Another dessert was a recreation of the Monte Rosa ("Pink Mountain") massif, which is not pink at all, of course: the slopes are meringues made of beetroot and coffee - oin which "stamped" a coffee plated herb. Such a great presentation, even before we unassembled it and went inside: oven-roasted potato ice cream - surprising and remarkable as you might expect, in case you can "expect" a roasted potato ice cream - and a porcini mushroom crumble.

A true peak.

Pink peak


This is the end, together with the coffee:

delicate apple macarons,

beetroot jelly candies that I would be happy to have regularly,

and a cube of Barozzi cake, the famous peanut, almonds and chocolate cake from the little town of Vignola near Modena. The cake is solely made in the Gollini bakery since 1886. In 1907 Eugenio Gollini decided to honor for his 400th birthday the architect Jacopo Barozzi, who designed - among the rest - the most impressive Church of the Gesù in Rome and was born just a couple of buildings from the bakery.

Some sweets


Just before we arrived in Milan we watched the first episode of the Netflix's series "Chef's Table", in which the mentor Bottura recalls the inspiration he absorbed under the kitchen table from his grandmother. The grandmotherly inspiration works the same for Tokuyoshi, but in his case the inspiration is Japanese and the hands are moving in a different rhythm and pace.
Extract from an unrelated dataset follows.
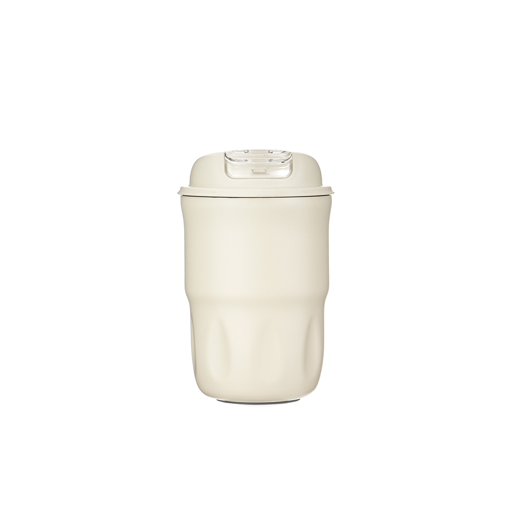 Copo térmico em inox com pintura eletrostática, base antiderrapante e capacidade máxima de 350ml. Conta ainda com tampa rosqueável em plástico com trava de segurança e acesso para alças. Acompanha alça em nylon com detalhe em couro sintético.

If Bottura's cooking touches the molecular but doesn't surrender to it - breaking the traditional dish to its ingredients and setting them back again differently, Yoji Tokuyoshi considers the Italian cuisine as a whole. He pours into the dishes he got used to his homeland culture, "contaminate" them with different aesthetics and pace, and as if he filters the Italian cuisine through a sharp and stressed lens and hands that came from afar.


If you were wondering what's cooking at Tokuyoshi's home between the Japanese and Italian cuisines, his not-that-surprising answer was "after so many hours in the kitchen we prefer to eat out".